In November 2022, Eby became premier after an easy race in which his only opponent, Anjali Appadurai, was controversially disqualified. He inherited a projected surplus of $5.7 billion from his predecessor, the late John Horgan, which is especially impressive considering the dismal fiscal state of most provinces during the pandemic. During COVID-19, federal and other provincial governments posted unprecedented deficits due to ballooning costs.
Horgan’s surplus was a gift.
Fast forward less than three years – that windfall is long gone and a whopping deficit has risen in its place.
Deficit balloons with no measurable improvement in results
At the end of the 2023–2024 fiscal year, the deficit was $5 billion. That ballooned into a forecasted $10.9-billion shortfall for this fiscal year. Both Moody’s and S&P cut the province’s credit rating as a result, citing the ongoing deficits and having no roadmap to reducing them.
Moody’s further predicted the 2025/26 deficit will jump to $14.3 billion.
Unfortunately for B.C. voters, despite these massive expenditures, there have been no measurable improvements on any of the fronts Eby prioritized when he became leader.
In terms of public policy direction, his government flip-flopped before and during the 2024 provincial election as many progressive initiatives he once championed spun out of control.
Initially a strong supporter of drug law liberalization, Eby backed off the province’s drug decriminalization pilot when the use of addictive narcotics spread into family parks and playgrounds.
After the consumer carbon tax – previously lauded by Eby as a groundbreaking strategy for combatting emissions – became unpopular with the public and a political burden to maintain during the election, Eby announced his government was willing to axe it. This followed relentless pressure from the provincial and federal Conservatives, both of which promised to scrap it.
These policy retreats, based on fear and political strategy over principle, likely contributed to the NDP’s drop from a comfortable to razor-thin majority government, won by a bare 22 votes.
Since then, inconsistency and confusion have ensued.
When it comes to public safety, the refusal to embrace bread-and-butter solutions like simply hiring more police officers to enforce the law is baffling.

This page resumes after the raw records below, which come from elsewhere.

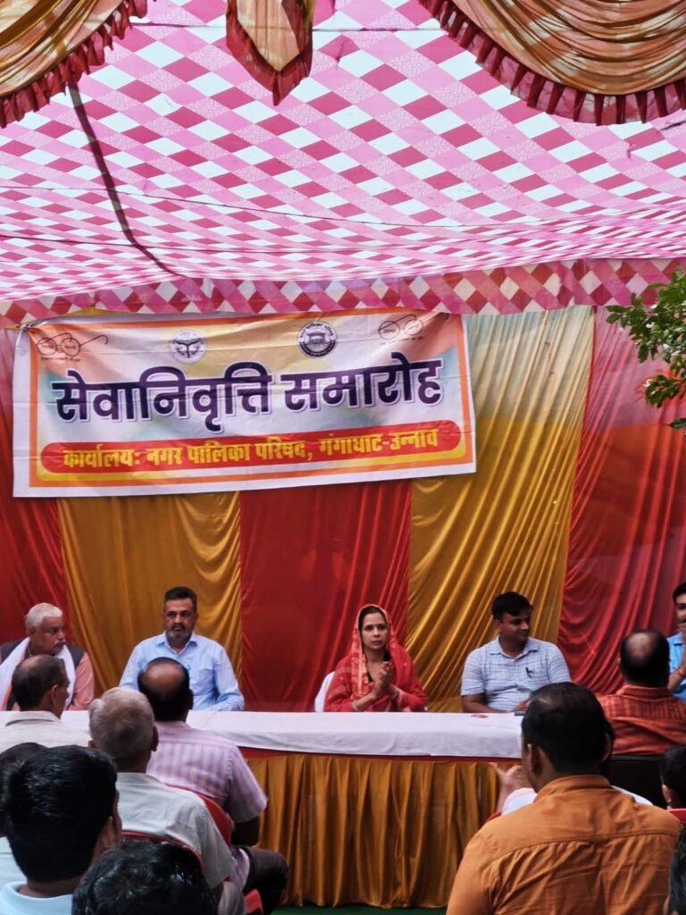 उन्नाव – आज दिनांक 01 सितंबर,2025 को नगर पालिका परिषद गंगा घाट में पालिका कर्मी महेन्द्र कुमार सिंह टैक्स कलेक्टर , संतोष कुमार पांडेय पंप ऑपरेटर एवं नन्हू सफाई मित्र की सेवा निवृत्ति 31 अगस्त 2025 के उपलक्ष्य में कार्यक्रम नगर पालिका प्रांगण में सायंकाल आयोजित किया गया।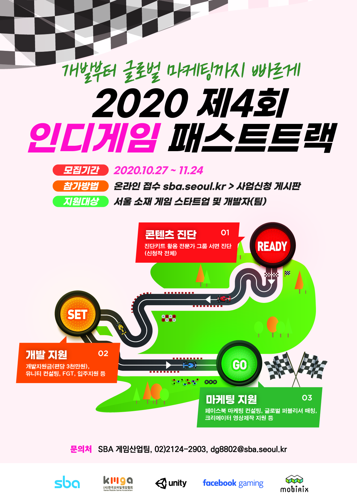 서울시와 서울시 일자리 창출의 주역인 중소기업지원기관 SBA(서울산업진흥원)는 인디게임 특화 종합 성장지원체계 ‘2020 제4회 SBA 인디게임 패스트트랙’의 참가기업을 오는 11월 24일까지 모집한다고 밝혔다.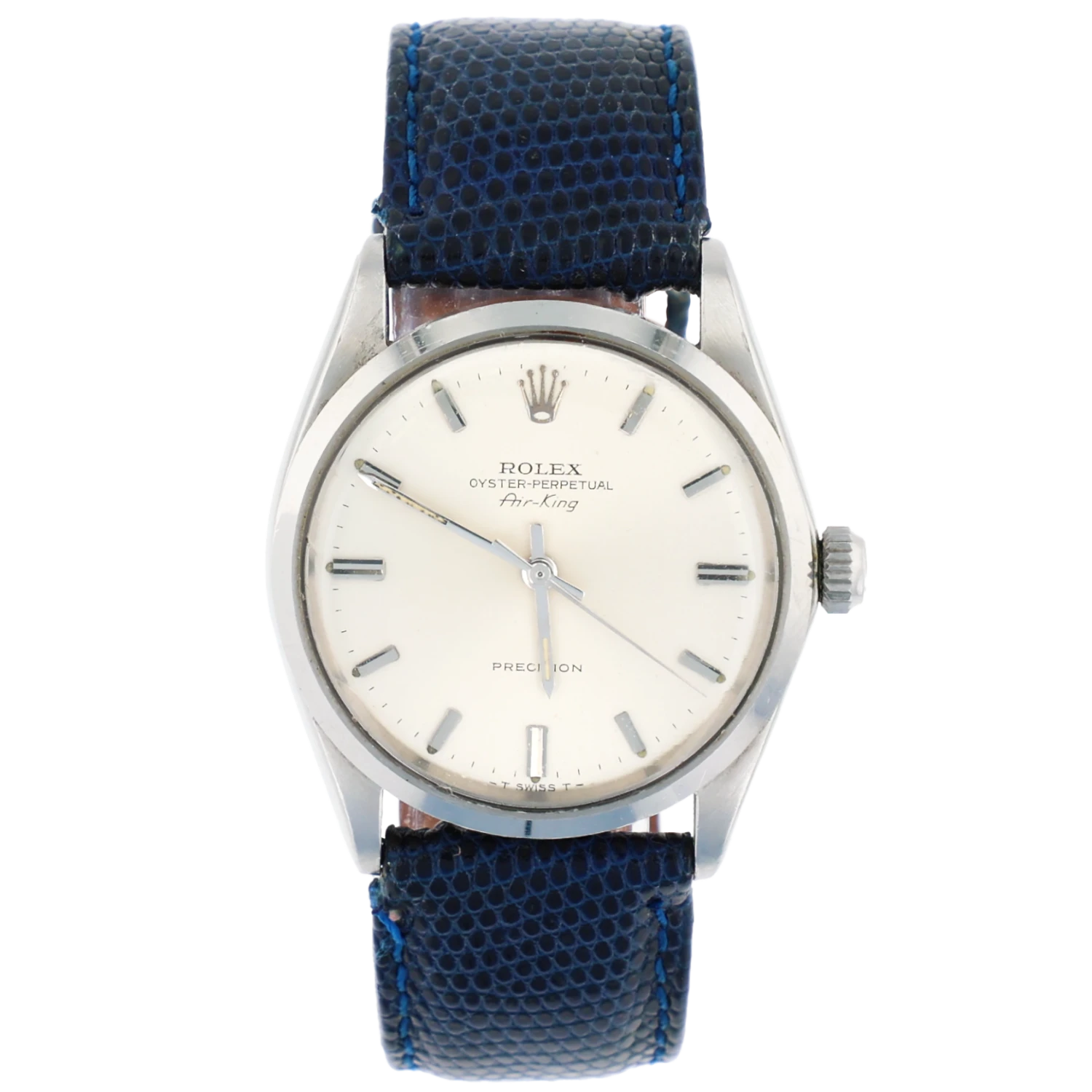 Pre Owned Vintage Rolex 5500 Air-King Oystersteel 34mm w/ Smooth Bezel, Sliver dial w/Bar Markers, Blue Leather Band YEAR: 1964

Vancouver Mayor Ken Sim promised to fund the hiring of 100 new police officers and 100 mental health nurses during the 2022 municipal election, which he won decisively. While Sim has not yet hired the nurses, 100 new police officers have been added, and crime rates have fallen substantially in Vancouver, dropping to a 20-year low.
If a city government can make such inroads, there is no reason for inertia at the provincial level.
Rushed Bill 15 alienates key stakeholders
Eby’s own coalition of stakeholders, which helped land his government a bare electoral victory, is starting to crack too. His mishandling of Bill 15, the Infrastructure Project Act, has alienated Indigenous leaders, municipal representatives and environmental groups throughout the province.
Bill 15 bestows tremendous unilateral powers on his cabinet, allowing government to speed through approvals for “provincially significant” projects and bypass existing consultation and regulatory processes.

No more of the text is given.